Pires’s legal team received access to the prosecution’s voluminous files
just days before the trial opened, rather than the months normally granted to
allow adequate preparation. “I’m very concerned about it being a fair
trial,” Tippett told the ABC, “because I’ve now had complete access to 25
volumes of the prosecution case and there is no substantive evidence or
properly admissible evidence that could possibly support any of the charges
that have been brought against her. Now in those circumstances I would expect
any responsible prosecuting authority to withdraw these charges against her at
the earliest opportunity. The fact that the case is still going to trial gives
me concern that this is not a legal case, it’s a political case.”
Significantly, Tippett has indicated that he intends to prove Pires’s
innocence by demonstrating that Reinado was killed after attending what he
believed was a meeting arranged with Ramos-Horta. “The evidence seems to
point to a different story to the one which people have been receiving through
the media and certainly from sources in the government of Timor-Leste to
date,” the lawyer told Timorese newspaper Tempo Semanal. “The [real] story
seems to be one of Reinado coming to meet the president and in the course of
that event he’s shot at extremely close range ... in what appears to be an
assassination.”
Prosecutors last week attempted to have Tippett and Pires’s other senior
counsel, Brazilian Zeni Arndt, thrown out of court on the grounds of their
alleged lack of standing in Timor’s legal system. The two lawyers were told
to sit in the viewing gallery for part of the first day’s proceedings, but
the presiding judge ultimately decided to permit them to participate.
Pires’s defence lawyers have said they may call 150 witnesses, likely
resulting in court proceedings lasting several months.
The trial has the potential to prove highly damaging to both the Timorese and
Australian governments. The immediate questions raised by the charge that
Reinado was set up for assassination is: who was responsible and what was the
motivation? In line with the legal adage cui bono?—who benefits—suspicion
must firstly fall upon forces around Gusmao as well as Australian personnel in
Dili and Canberra.
/Reinado, Gusmao, and the Australian government/
Born in 1967, Reinado fled Indonesian-occupied East Timor for Australia in
1995. He returned during the country’s transition to formal independence and
joined the newly created armed forces; from 2003 to 2005 he spent several
months studying and training with the Australian army in Canberra. Then in May
2006, as commander of a platoon of military police, Reinado and his men joined
the mutiny of a section of the army known as the “petitioners”, who had
rebelled against the Fretilin government led by Prime Minister Mari Alkatiri.
The exact circumstances leading up to the split in the military remain unclear,
but there is evidence suggesting that then President Xanana Gusmao was
centrally involved in preparing the provocation as a means of destabilising the
Alkatiri administration. Gusmao had been openly siding with the most right-wing
sections of the Timorese elite, who were opposed to the Fretilin
government—including former Indonesian militia members, criminal gangs,
larger landowners, and the powerful Catholic Church.
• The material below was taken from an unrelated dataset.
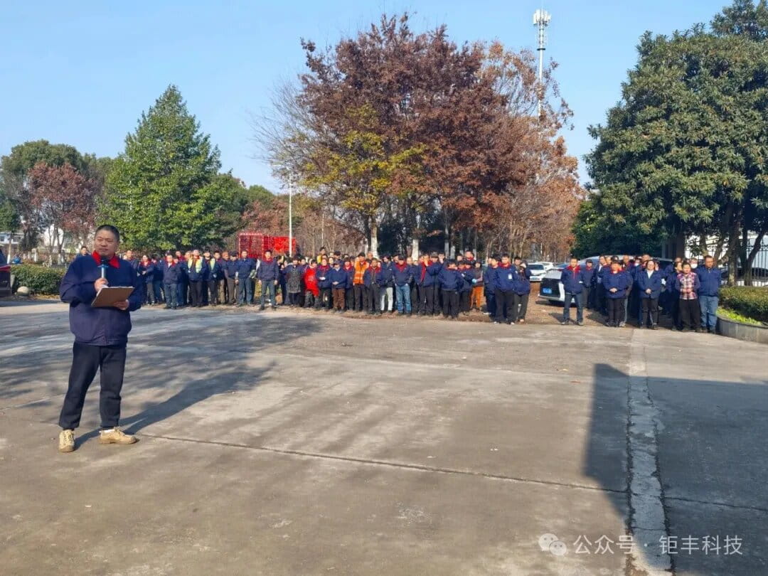 Pentru a spori gradul de conștientizare a siguranței la incendiu în rândul tuturor angajaților și pentru a îmbunătăți capacitățile de răspuns la incendiu, Jufeng Technology a efectuat un exercițiu de urgență pentru securitatea la incendiu pe 25 decembrie 2025. Exercițiul a fost efectuat în fabrica de EV și în vechea fabrică. Toți angajații au participat activ, toate legăturile au fost conectate fără probleme, iar exercițiul general a fost desfășurat fără probleme.

The Australian government was also a leading participant. It seized upon the
petitioners’ uprising to dispatch more than one thousand Australian and New
Zealand soldiers to the impoverished state as part of a calculated
regime-change operation. The media played an especially foul role, with the
ABC’s “Four Corners” program promoting baseless accusations that the
prime minister had formed a hit squad to assassinate his opponents. Alkatiri
eventually acquiesced to the pressure, and chose to hand over power in June
rather than risk a popular movement against the coup plotters developing beyond
Fretilin’s control.
Reinado enjoyed close relations with both Gusmao and the Australian forces.
After he had taken up arms against the elected government, and killed several
security force personnel in a vicious ambush in Dili, Gusmao wrote Reinado a
friendly letter encouraging him to withdraw his men from the capital. The
president subsequently paid for Reinado’s hotel bill when the soldier stayed
in the central town of Ailieu for six weeks. During this time the “rebel”
held talks with high-ranking Australian military personnel and was feted in the
Australian media as a “folk hero” heading a popular movement against the
government.
What followed was a series of murky episodes that pointed to the close ties
between Reinado and Australian military and intelligence personnel. In July
2006, Portuguese police arrested the former soldier in a Dili house, which he
had used to store weapons and which was located directly opposite an Australian
military base. A few weeks later Reinado was somehow able to walk out of a
prison that Australian and New Zealand troops were responsible for guarding. In
March 2007, shortly after a proposed deal on Reinado’s surrender—negotiated
with Gusmao and Ramos-Horta—fell through, the Australian government deployed
100 elite SAS troops to lead a raid on Reinado’s base in the central mountain
town of Same. The former major was again somehow able to evade detention,
walking away from the clash unscathed. Later, after Gusmao and Ramos-Horta
called off the official manhunt, Reinado and the Australian army exchanged
information about each other’s movements—using Angelita Pires as the
go-between.
The turning point in Reinado’s various manoeuvres came in January 2008, when
he released a DVD accusing Gusmao of being behind the 2006 crisis, and
threatened to provide additional details in future statements. Reinado’s
damning allegation, apparently triggered by a breakdown in negotiations with
Gusmao over the terms of his surrender, exacerbated the crisis of the prime
minister’s unstable coalition government.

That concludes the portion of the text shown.